Discovering the molecular mechanisms for short-term plasticity

Presynaptic calcium signals regulate nearly all forms of short-term plasticity. Identifying the molecular calcium sensors that drive short-term plasticity is a crucial step towards understanding how neural circuits use short-term plasticity to perform computations. We recently discovered that a prominent form of short-term plasticity called “facilitation” is driven by the high-affinity calcium sensor synaptotagmin-7 (Syt7). There are 17 members of the synaptotagmin family that can bind to lipid membranes and synaptic proteins, and many other calcium–binding proteins of unknown function have been identified as structurally similar to synaptotagmin, suggesting they may also regulate neurotransmitter release.

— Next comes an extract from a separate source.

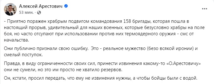 Они публично признали свою ошибку. Это - реальное мужество (безо всякой иронии) и смелый поступок. Правда, ввиду ограниченности своих сил принести извинения какому-то Арестовичу они не сумели, но это им просто не хватило резервов", - написал бывший советник Банковой.

We manipulate the expression of these proteins, and use electrophysiology and imaging to discover the mechanisms of short-term plasticity.

THE IMPACT OF SHORT-TERM PLASTICITY ON NEURAL CIRCUIT FUNCTION

To understand how short-term plasticity shapes circuit activity, we use optical techniques to monitor the activity of hundreds of neurons in vivo while mice engage in engage in behaviors. Recent studies have shown that neuronal ensembles synchronize their activity, and that synchrony is required for short-term memory and decision making. Models suggest that facilitation underlies this synchrony. We are testing whether genetic perturbations of short-term plasticity lead to a loss of synchronous activity. To guide our experiments and interpret our results, we model artificial neural networks and and without short-term plasticity, and assess network dynamics and information storage.